A local company has proposed its four recently imported private aircrafts be exempt from all taxes, given that they were meant to be used for defense training, VnExpress reported on Thursday.
According to the newswire, Hanh Tinh Xanh (Green planet) Co.'s aircraft, which were brought into Vietnam late last month by sea, are subject to the 10 percent value added tax and the 30 percent special consumption tax.
Each of the two-seat aircraft costs some US$150,000, the company said.
However, Cao Van Son, chairman of the company, said he has asked local agencies exempt the vehicles from the taxes, as well as from the import tax, because the aircraft will be used in defense training.

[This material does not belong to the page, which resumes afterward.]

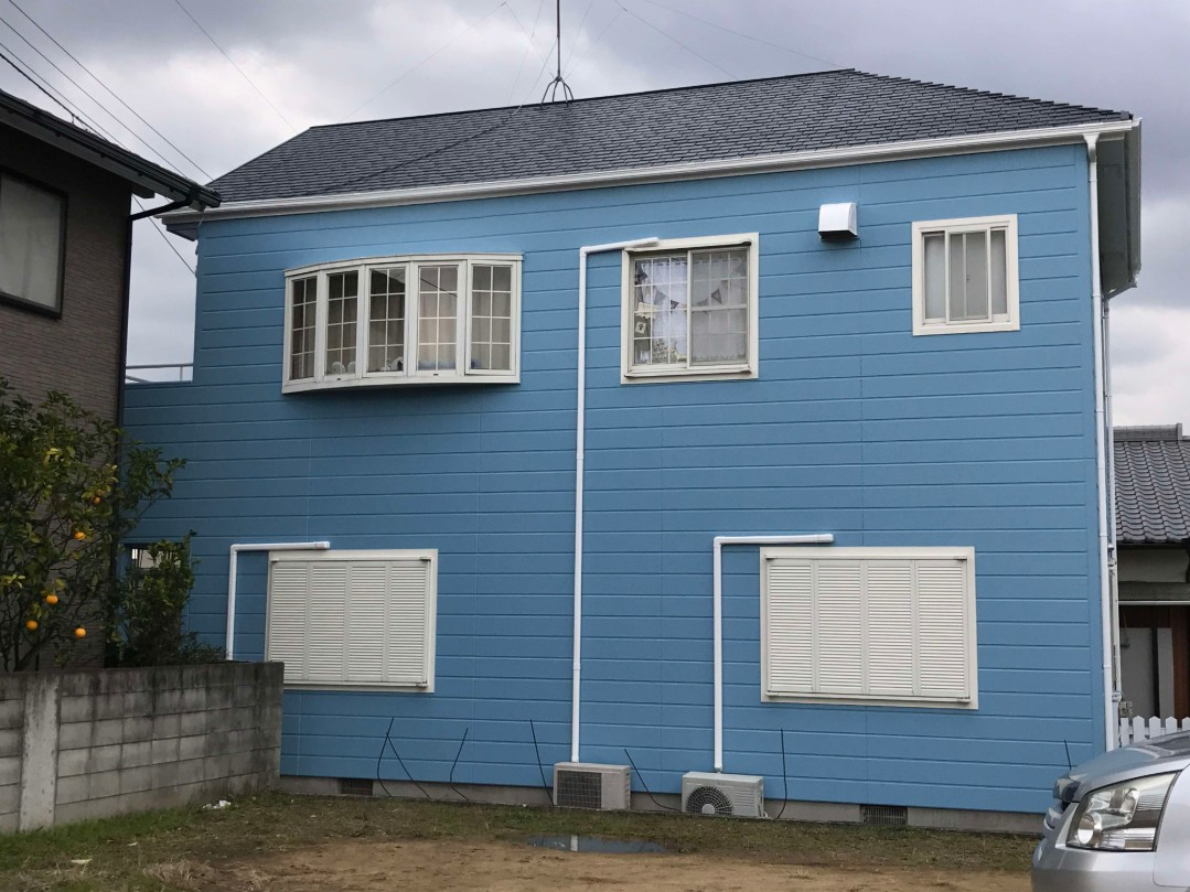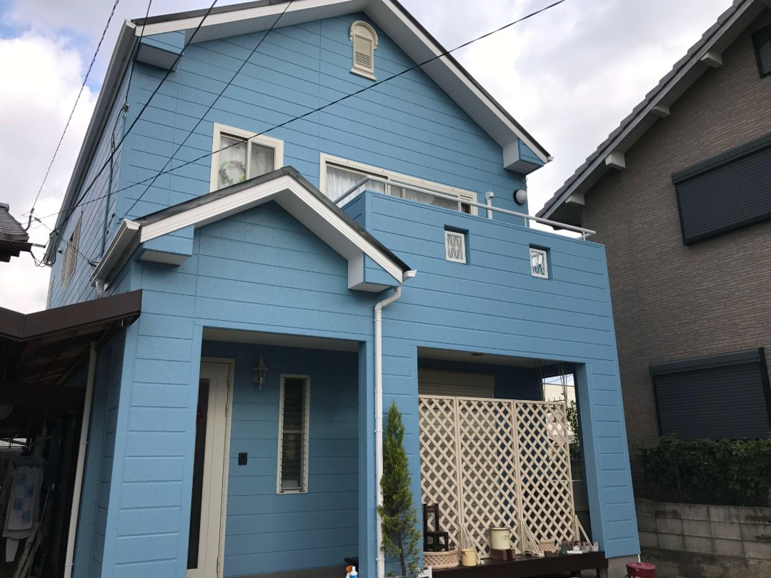 次の外壁塗装する時はブルー系の色がいいと決めておられたお客様で何度かサンプルを作ってお決めになられました。

A report on newswire Dan Tri last Friday said the aircraft will be provided to the Northern Aviation Club under the Ministry of Defense for its project to promote aviation knowledge for defense purposes.
The company's support has been recognized by the ministry, and it is now an official member of the club, Dan Tri said.
The aircraft -- two flat wing planes made by Czech manufacturer ATEC, and two helicopters from the United States' Rotoway -- will have customs clearance completed at the northern city of Hai Phong's port at the end of the month, Son said.
Vietnam has at least two private aircraft. One belongs to Doan Nguyen Duc, one of the country's richest men and owner of Vietnam's second-largest listed real estate firm, Hoang Anh Gia Lai. The other belongs to Tran Dinh Long, who owns Hoa Phat Group, Vietnam's largest steel producer.
Taxes were imposed on both of the airplanes.
Meanwhile, aircraft imported by airliners such as Vietnam Airlines and Air Mekong for commercial purposes are exempt from the import tax, VnExpress reported.